Foto Christine Meier 150 150    Christine Meier, Leiterin Frauenhaus Bern, Stiftung gegen Gewalt an Frauen und Kindern

 Zum Beispiel Leila oder Daniela

Jede fünfte Frau erlebt einmal in ihrem Leben häusliche Gewalt.

Leila wurde sehr jung mit einem Landsmann verheiratet, der übermässig eifersüchtig war und sie vom ersten Tag an nicht aus den Augen liess. Sie durfte nicht Deutsch lernen, keinen Kontakt mit ihrer Familie und ihren Freundinnen pflegen, ihr Handy und ihr Laptop wurden regelmässig von ihrem Mann kontrolliert. Sie konnte ihm nichts recht machen, er beschimpfte sie oft als unfähige Hausfrau und Mutter. Manchmal, wenn er sehr wütend war, schloss er sie mit dem kleinen Kind in der Wohnung ein und ging zur Arbeit.

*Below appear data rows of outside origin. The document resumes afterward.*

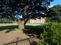 Eventually, we arrived at Ham House, where I took a peek into the backyard through a wrought-iron gate (left). As if that wasn't impressive enough, we circled to the front, where I could take in the full splendor of the 17th-century Stuart residence of a duke and duchess (right).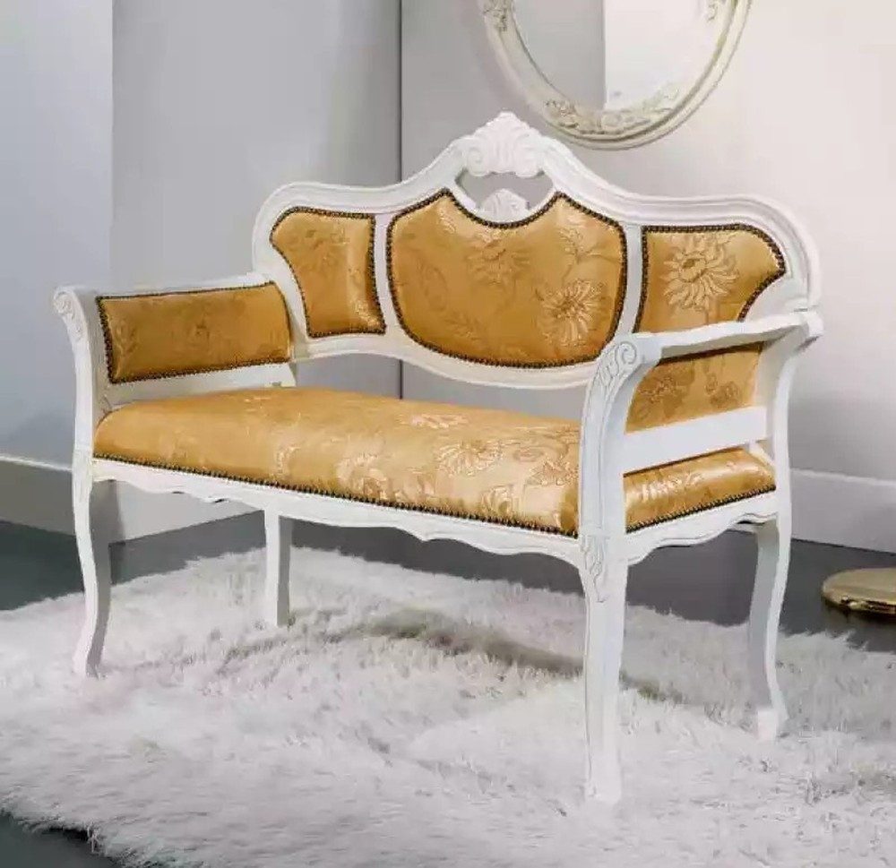 Entdecken Sie die Elegante Polsterbank aus Textil – eine luxuriöse Sitzbank, die Ihrem Wohnraum einen Hauch von Opulenz verleiht. Hergestellt in Europa, steht dieses exquisite Möbelstück für höchste Qualität und erstklassige Verarbeitung. Mit einer Breite von 107 cm und einer Höhe von 95,5 cm bietet die Sitzbank komfortable Platz für zwei Personen. Das ansprechende klassisch-goldene Design, kombiniert mit einem schlichten weißen Gestell, macht sie zum perfekten Highlight in Ihrem Wohnzimmer oder Schlafzimmer. Die Polsterbank überzeugt nicht nur durch ihre ästhetische Erscheinung, sondern auch durch ihre funktionale Ausstattung. Der Bezug aus hochwertigem Textil sorgt für einen luxuriösen Sitzkomfort, während der stabile Holzrahmen Langlebigkeit garantiert. Eine stilvolle Ergänzung für Erwachsene und Jugendliche, die Wert auf Eleganz und Funktionalität legen. Lassen Sie sich von der Eleganz und dem zeitlosen Charme dieser Polsterbank begeistern und verleihen Sie Ihrem Zuhause einen luxuriösen Akzent. Holen Sie sich das Stück, das jedes Ambiente veredelt.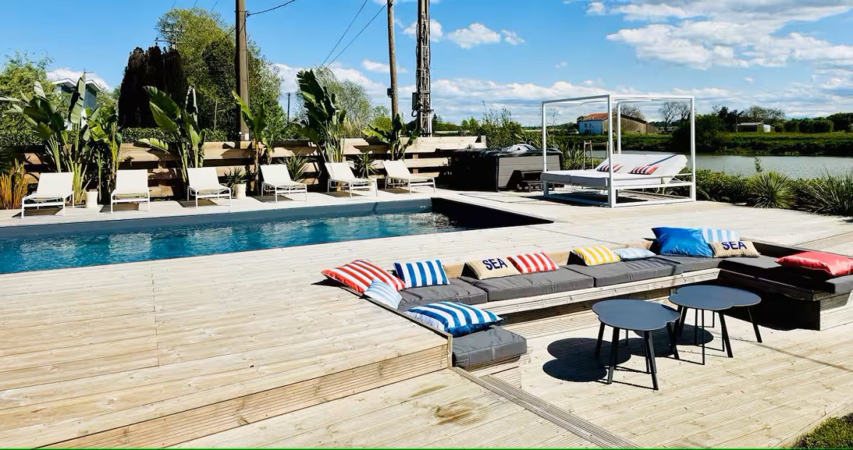 Encantadora casa en plena naturaleza, a orillas del río. Situada en las Landas, en el pueblo de Port de Lanne, en un entorno excepcional a orillas del Gave. Aguas azul verdosas, posibilidad de bañarse y practicar actividades náuticas (paddle surf, piragüismo, barca).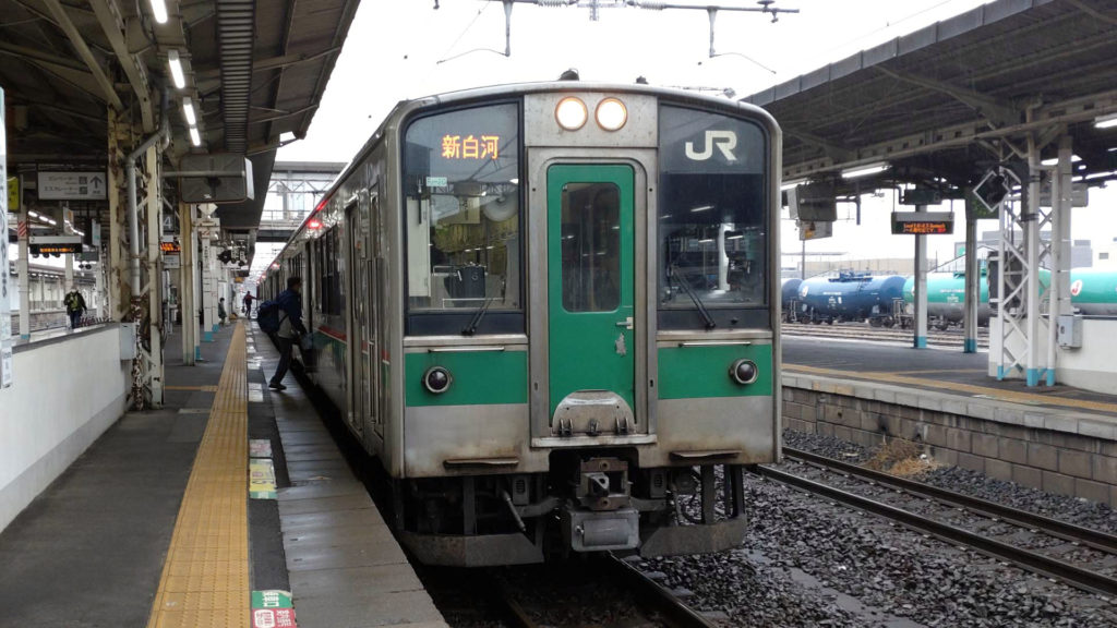 引き続き東北本線の列車に乗ります。車両は701系1000番台。新白河駅方面から来た車両が郡山駅で折り返しで新白河駅行きになったのですが、2両編成で到着後に2両増結して4両編成になったので余裕で座ることができました。(ホームで待ってる人が多かったので2両だと多分座れなかったかも)

Daniela und ihr Mann haben aus Liebe geheiratet und verbrachten zusammen ein paar gute Jahre. Nach dem ersten Kind gab es bereits Situationen, in denen Danielas Mann ausrastete und sie auch mal schubste oder kurz an den Haaren zog. Er entschuldigte sich jedoch jedes Mal, brachte ihr Blumen und versicherte ihr, dass dies nicht mehr vorkomme. Während der zweiten Schwangerschaft stand er beruflich sehr unter Druck und ertrug das Weinen des Kindes nicht mehr, machte die Mutter für alles, was nicht rund lief, verantwortlich und schlug sie ein paar Mal. Daniela hoffte, mit der Geburt des zweiten Kindes würde alles besser. Es wurde jedoch nur noch schlimmer und sie rief im Frauenhaus an.

Die Beispiele von Daniela und Leila zeigen: Es müssen nicht immer Schläge sein, auch sexuelle Gewalt, psychische Misshandlungen wie anhaltendes Erniedrigen, Beschimpfen, Bedrohen oder auch das Entziehen oder Vorenthalten von finanziellen Mitteln zählen zur breiten Palette von häuslicher Gewalt. Dass diese heute nicht mehr nur Privatsache ist, sondern ein Offizialdelikt, das die Polizei von Amtes wegen verfolgen muss, ist ein Verdienst der Frauenbewegung der 70er-Jahre.

Trotz dieser rechtlichen Anerkennung ist die Zahl der Frauen, die eine durch Gewalt geprägte Beziehung aushalten, immer noch sehr hoch. Aus Scham oder Angst suchen sie oft erst sehr spät Hilfe bei einer Beratungs- oder Opferhilfestelle. Wenn Frauen wie Leila und Daniela jedoch diesen wichtigen Schritt tun, ist die erste Hürde genommen auf dem langen Weg zurück in ein gewaltfreies Leben.